# Clydesdale on an Alfine Hub



## TobyNobody (Mar 17, 2004)

(X Posted in Clydesdale Forum)

Hey all! I have not posted here in a while and I thought my current plan deserves a consult wiith the wise folks on MTBR.
I am 6'4 and about 260lbs and I like to ride a lot and ride hard. I have an awesome commute that is 7km on pretty rough paved roads and another 7km on a dirt road (closed to vehicular traffic!).

Anyhoo, I am thinking about getting an Alfine hub for my commuter bike (and possibly a winter bike) - an old Raleigh Grand Prix I got at a yard sale for $10. Any of you bigger than average folks have much experience with Alfine hubs? My father-in-law is a big guy and he did quite a few miles on a nexus 7 speed before getting his first road bike, but he is neither as big as me nor does he put the power to the pedals like I do, and he rides mostly on pavement (although he beats my yearly mileage by a factor of X3).
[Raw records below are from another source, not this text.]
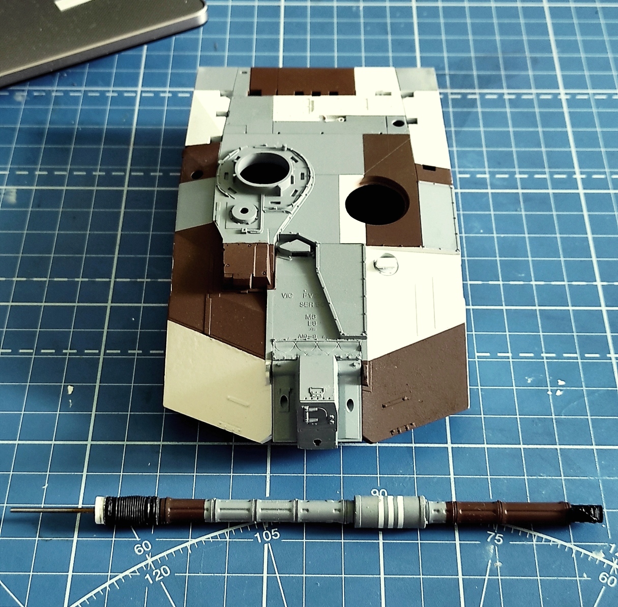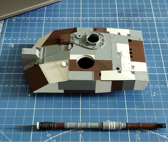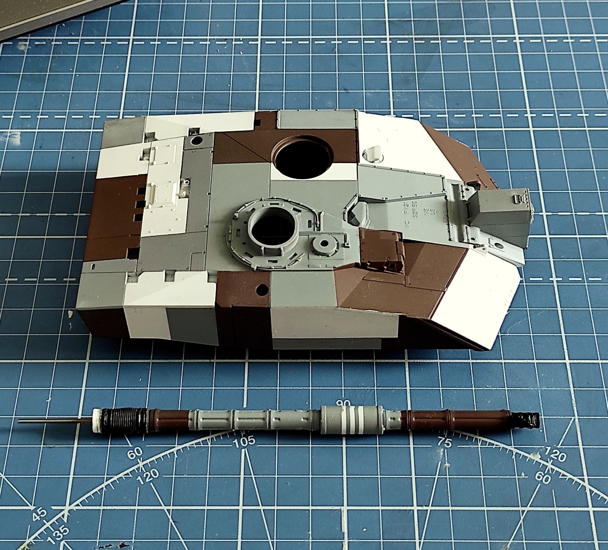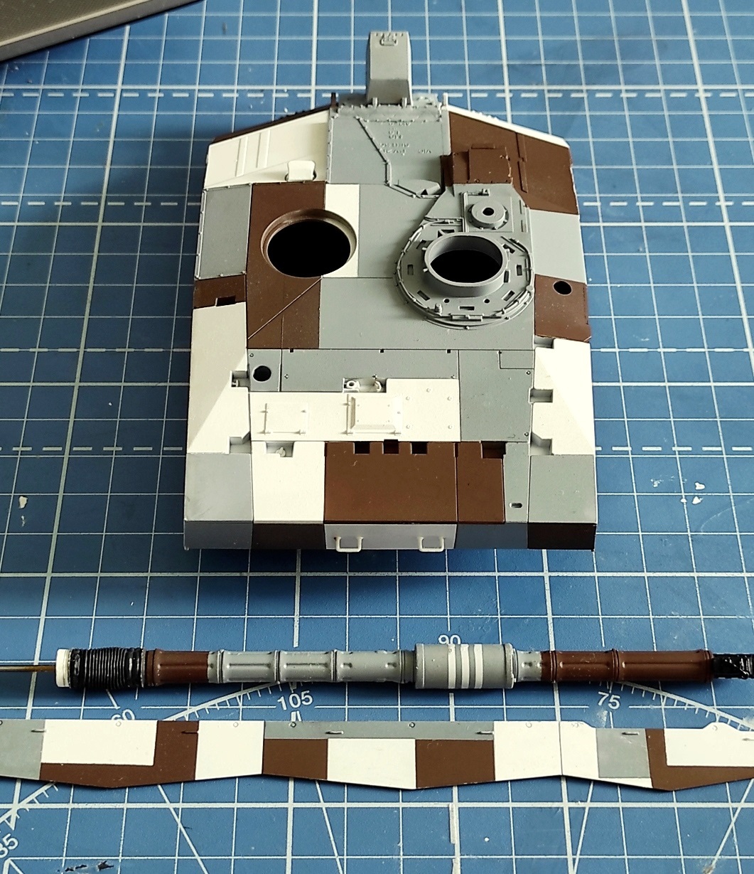 Поскольку открасить собранную модель в берлинский "ломающий" камуфляж с его абсолютно чёткими границами цветов, не переломав мелочевку, было бы весьма проблематично, я решил попробовать покрасить башню и корпус до установки многочисленных мелких деталей.
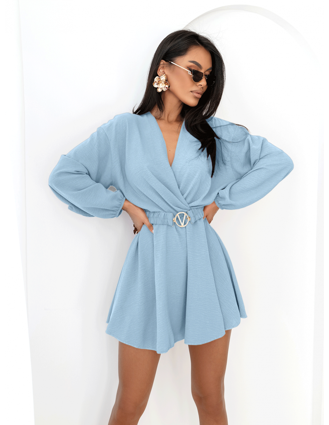Krótki kombinezon z przekładanym dekoltem NEGRIS - błękitny
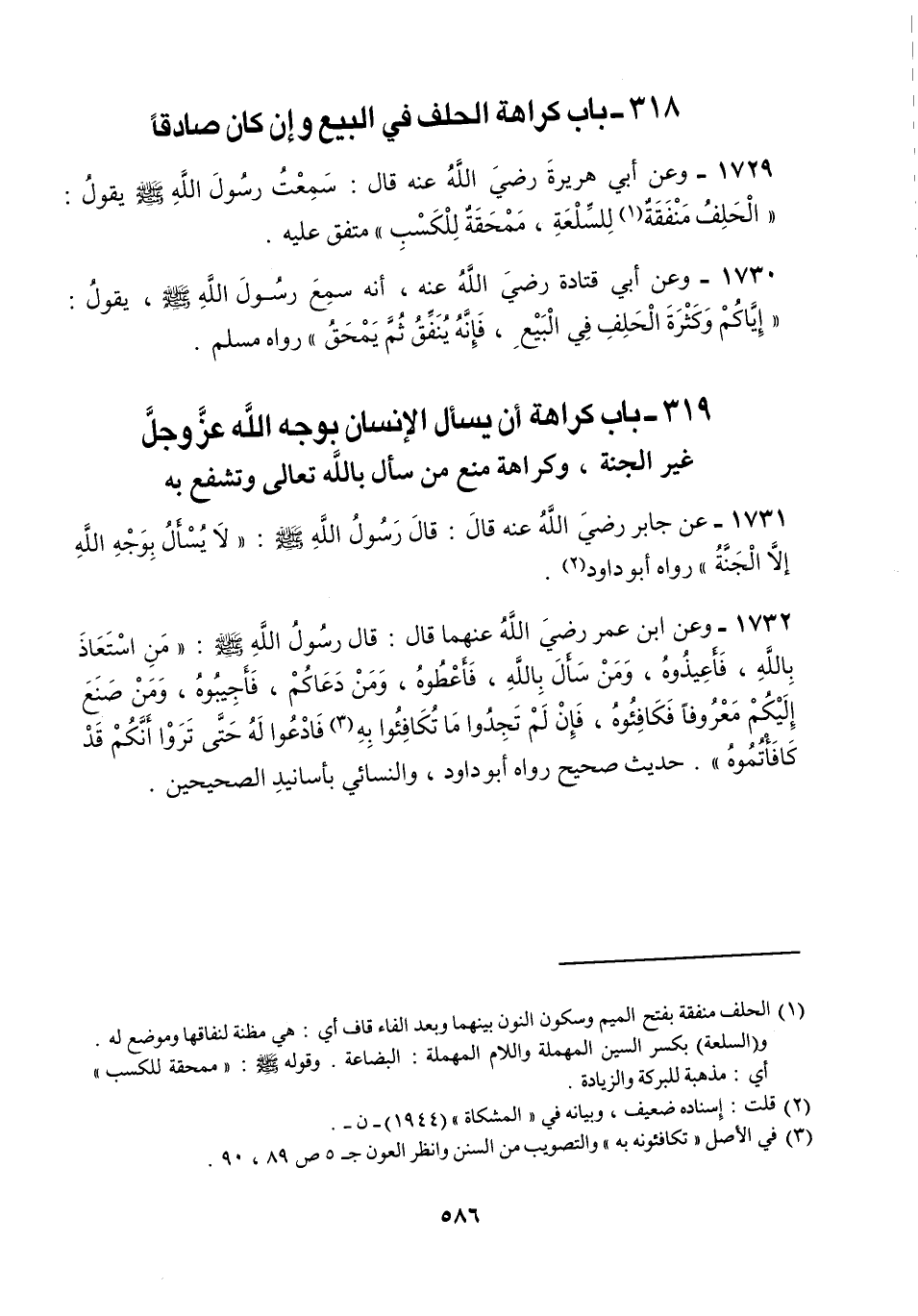 عن جابر Bهـ قال: قال رسول الله A: " لا يسأل بوجه الله إلا الجنة " رواه أبو داود
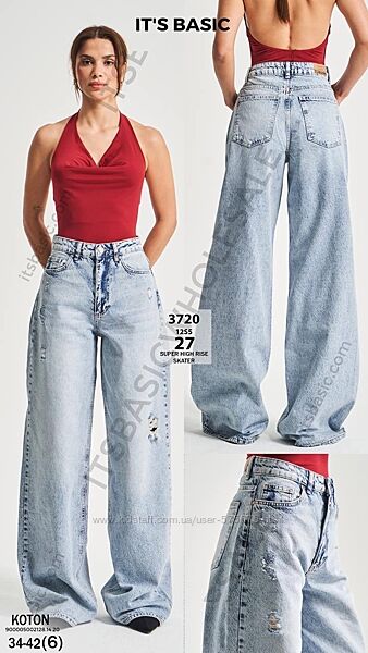 Подробное описание: 34,36,38,40,42 Стильні джинси джинс коттон без стрейчу широкі штанини
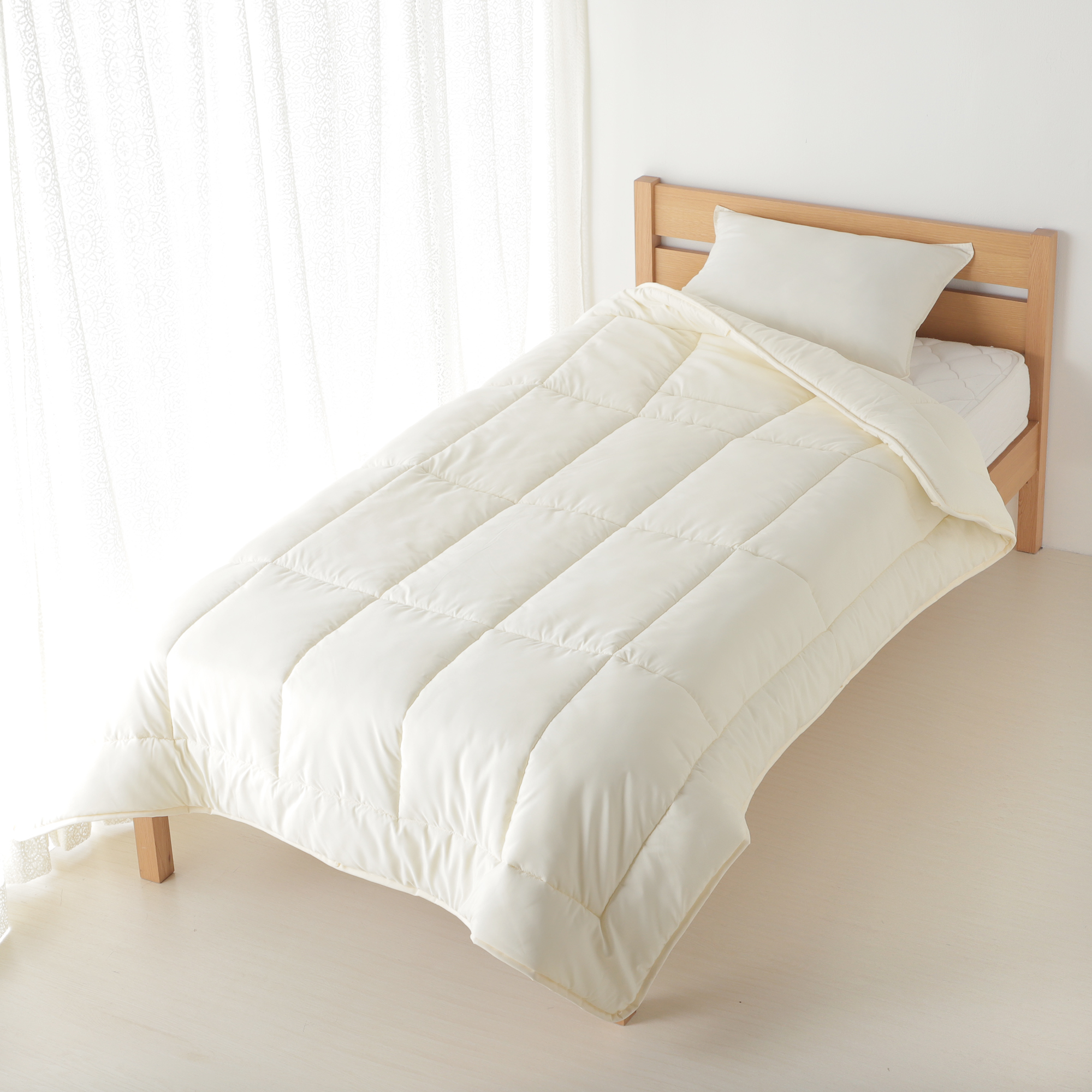 中わたに、フィリピン沿岸地域で回収されたペットボトルを原料にした再生ポリエステルを使用している。製品1枚当たりでペットボトル約40本分のプラスチック(PET)の使用に相当する。
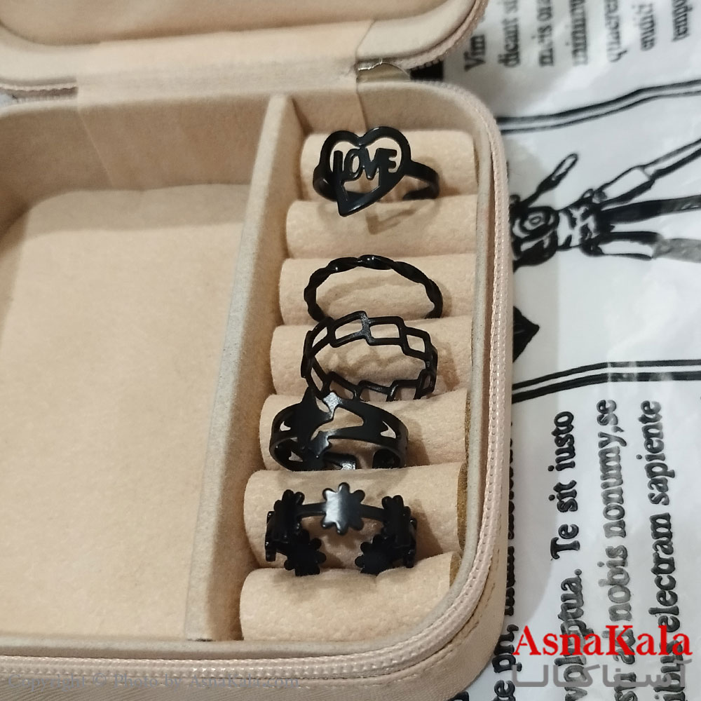انگشتر پکی زنانه فری سایز رنگ مشکی مجموعه 5 عددی کد ANG191507W
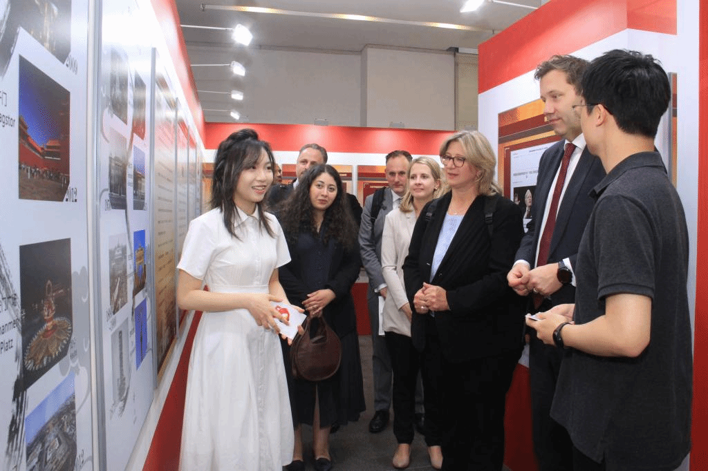 在主题展的互动展区,克林贝尔一行参观了“中轴线的魅力——北京与柏林跨越时空的文化交汇”。北外青年德语学子以北京中轴线和柏林中轴线为载体,立志为新时代中德人文交流贡献力量。
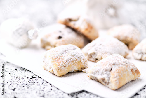 Stollen Bites on bright background. Soft focus. Close up. Copy space.
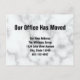 Display text says ' Our office has moved'. You can personalize your postcard with your company's name, new address, and phone number. The background has a faux white marble look.
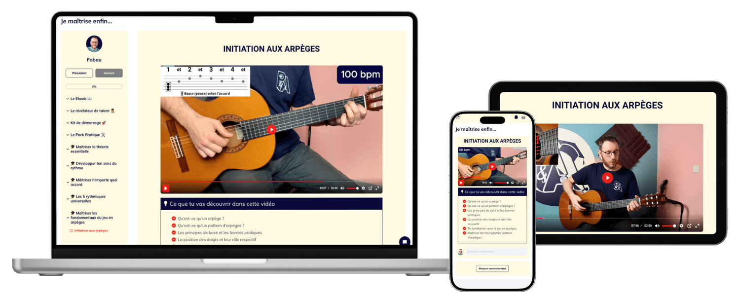 Contrairement à un programme généraliste, chaque mini-module se concentre sur un pilier fondamental de la guitare :

Any advice on precautions or concerns for a clyde riding an alfine?

Thanks for your time!


----------



## pursuiter (May 28, 2008)

When I started riding my Alfine on my hardtail MTB, I was around 290~300lbs with gear. I started with the 32x22, now I'm closer to 240lbs with gear but I'm running 32x23. . My biggest drops are ~18inches, no issues at all. I've pulled my MTBs Alfine's guts and inspected them after ~1000 miles, no filings or metal shavings.


----------



## mountaingoatepics (Jan 30, 2004)

Toby,

I'm 210 pounds, about 240 or so with all my gear...most of my riding is in the mountains of Colorado with elevations from 6,000 to almost 14,000 ft and some of the steepest grades I've ridden is around 22 %. The Alfine has handled anything I could throw at it, its just my legs that have given up and forced some hike a bikes. BTW: I'm running a 32 chainring with a 22 tooth cog on a 29er....getting ready to get a 23 or 24 tooth cog.


----------



## dstepper (Feb 28, 2004)

mountaingoatepics said:


> getting ready to get a 23 or 24 tooth cog.


Have you found a source?

Dean


----------



## pursuiter (May 28, 2008)

I got my 23T from Harris. Someone in England had the 24T.


----------



## TobyNobody (Mar 17, 2004)

Excellent!

I have considered all this (positive) advice, I purchased an Alfine hub with an Alex rim and DT spokes, and will begin building my project in a few days!

Thanks for the advice!


----------



## mntbkr68 (Apr 26, 2008)

*alfine can handle*

im 6 1" 230 ive been running my alfine on a santa cruz bullit for almost a year ,ive been riding the lifts in utah for a couple of months and doing some good drops or ive been in pisgah riding up rooty and rocky single track on 32chainring and 19 tooth cog and its holding up great ,im destroying rims and tensioners but my hub is still running smooth !!!!!!


----------



## mountaingoatepics (Jan 30, 2004)

dstepper said:


> Have you found a source?
> 
> Dean


Local shop in Denver, CO called Cycle Analyst...cool little shop that carries most of the odd ball stuff. They've been out of the 23 tooth for months but just called to let me know their getting them in stock this week. They're also looking into UK sources for the 24 tooth.


----------